案の定、水平構面はNGでした。ただ通常木造三階建てになれている人間(=私)から見ると、案外緩いな~と思いました。だからこそ構造計算が不要なのですが。ただそれでもNGはNG。火打ちをあまり入れられないので屋根面、転び止め、etc数種類検討してみました。今回は火打ち+転び止めでいこうと思っています。水平構面は余り余裕はありませんが、検討しないで適当にやるよりマシです。壁量は基準の二倍程度(46条ではない。構造計算時)。太陽光パネルも考慮して重量は余裕を持たせました。

そして今度は基礎。平屋建ての住宅の基礎に構造計算を行う意味はなんでしょうか?たぶん計算しなくても十分な強度は出ます。むしろ施工管理に重点を置くべきだと思います。
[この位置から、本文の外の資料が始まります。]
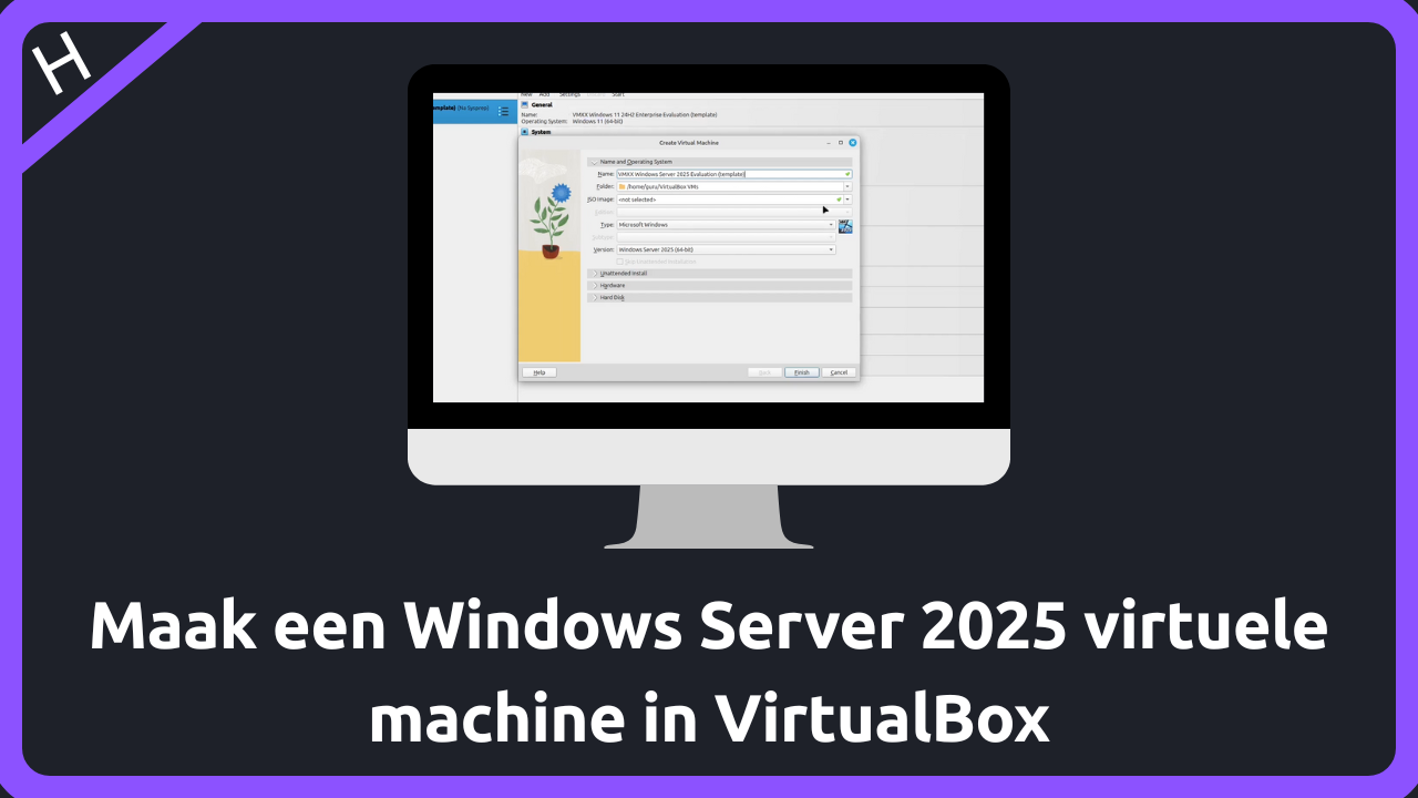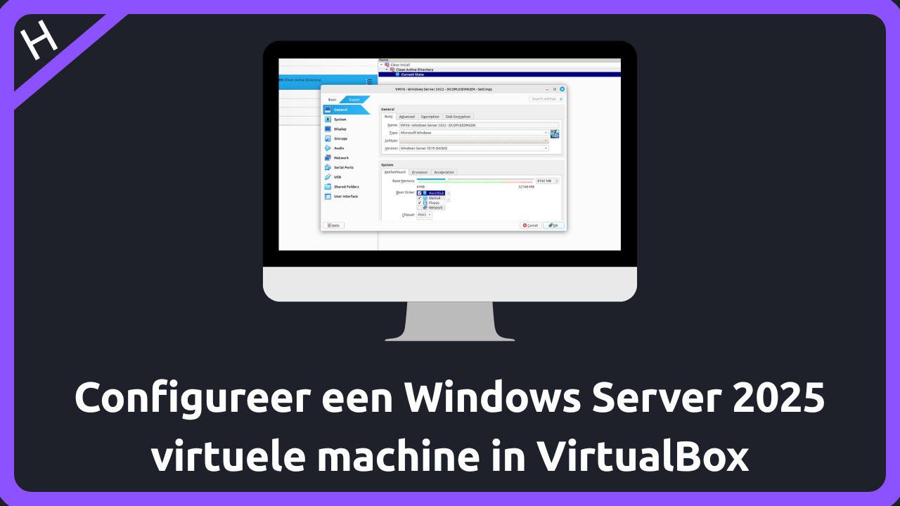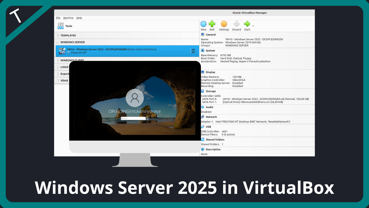 Het aanmaken van een lege virtuele machine (VM) voor Windows Server 2025 omvat het reserveren van virtuele hardware binnen de hypervisor VirtualBox.

ただ、考えている基礎が適正なのか?どれくらい余力があるのか?逆に足りない部分は??と考えてみるのもいいでしょう。今回は、部屋が広いので、間仕切りが無い部分にも地中梁を置いてスラブを分割しました。スラブ圧は15センチに押さえたかったので。ただやはり5mクラスの地中梁の負担する地反力は大きく、配筋が大きくなりました。おそらく構造の知識がない設計者は、スラブ分割の意味や何も乗っていない(柱とか軸力のこと)場所に地中梁を設置するという意識はないでしょうね。
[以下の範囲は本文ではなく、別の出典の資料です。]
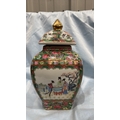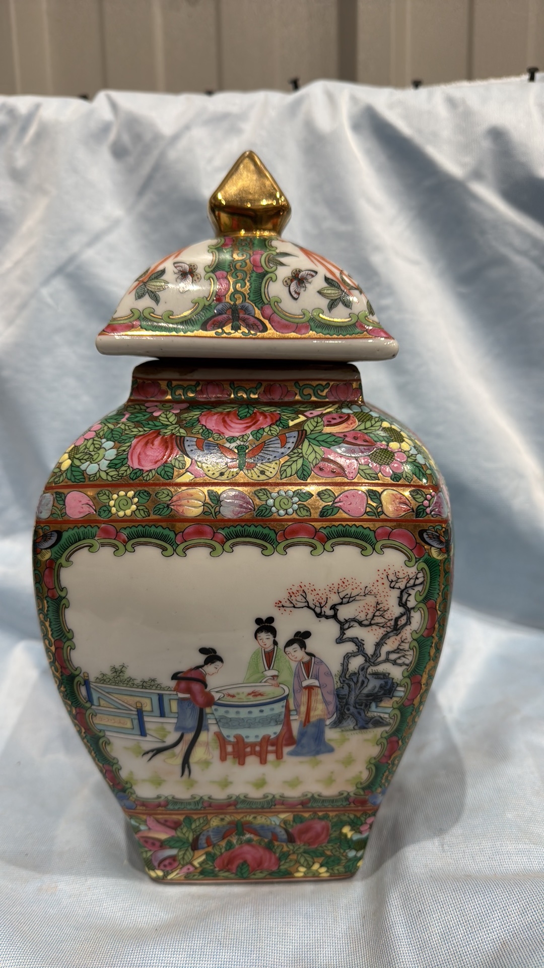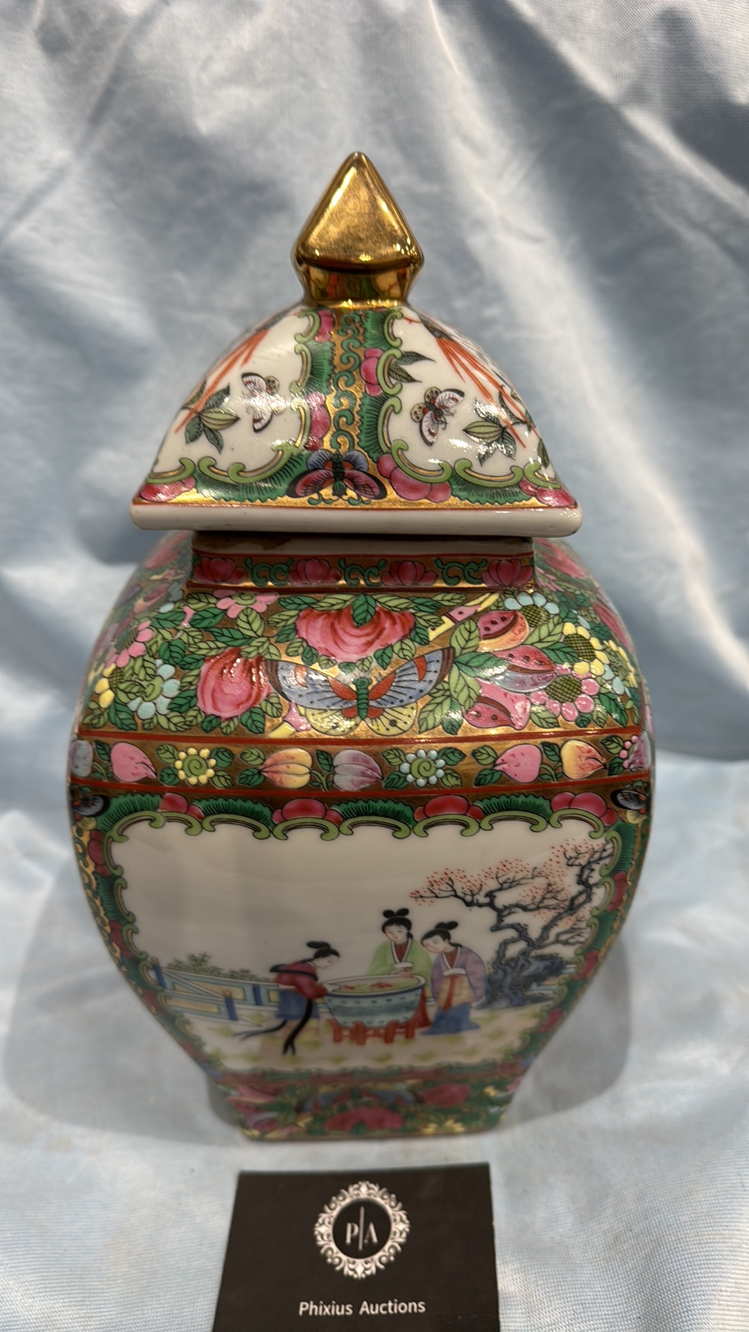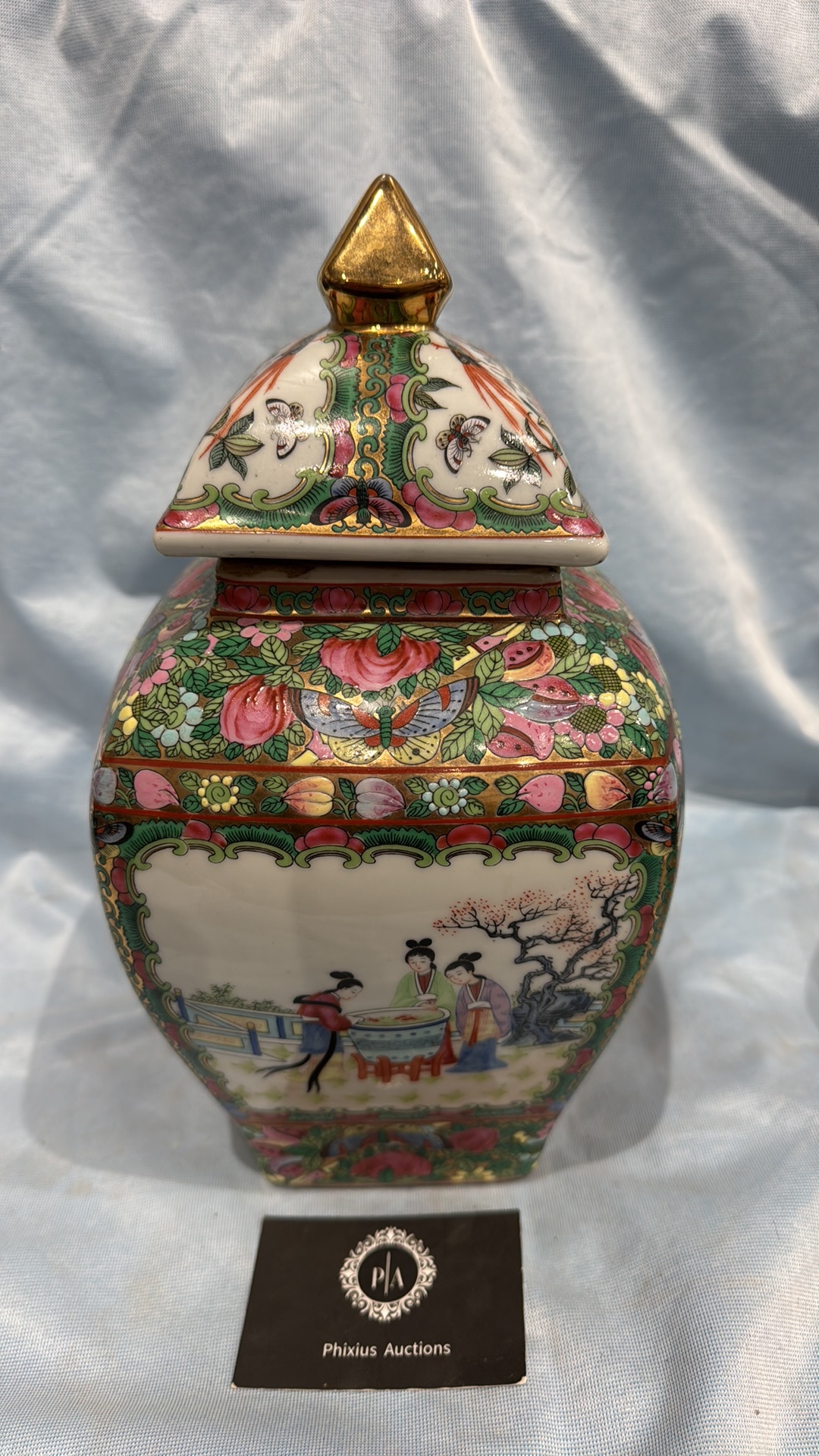 Square Chinese porcelain ginger jar and cover, famille rose palette with courtly figures, birds and peony panels, peach and butterfly reserves, gilt pyramid finial; apocryphal red seal mark to base.

べた基礎は船を想像すれば分かりやすいです。土という海に浮かんでいる船なのです。土は沈まないのでは?と思うかもしれませんが家は重いです。平屋建てでもm2あたり1tくらいある場合があります。スパンが長い場合、一本当たりの柱にかかる荷重は意外に重くなり、その下の基礎の負担も大きくなります。海に浮かぶ船も広ければ広い分浮かびやすくなりますが、その分底盤を強くしなければなりません。強くするためには、底盤の鉄板を厚くする(家の場合はスラブを厚くする)ことが必要ですが、今度は重量が重くなって沈みやすくなります。そのため補強材を入れて強度を保ちつつ軽くする必要があります。これが基礎の場合は地中梁に該当します。地中梁は上からの荷重(基本は柱を伝わって上階からくる重さ)を受けるためでもあるのですが、スラブ面の補強でもあるのです。ちなみに強くしても沈む場合は重すぎる場合です。建物の場合も同様で、基礎を強くしても沈む場合は、建物が地盤に対して重すぎるからで、その場合は杭や地盤改良で支えてあげる必要があります。

そのため広い部屋がある場合は、木造でも注意が必要です。たぶん計算する必要はないと思うけど、構造検討は絶対必要だと思います。プロならば。正直木造クラスでは単純の計算で済む場合がほとんどなのでスラスラっとやって欲しいものです。平屋建てや2階建てには計算不要なんですよ♪なんていっている建築屋さんに依頼したくない!というお客様が増えてくるかもしれませんよ。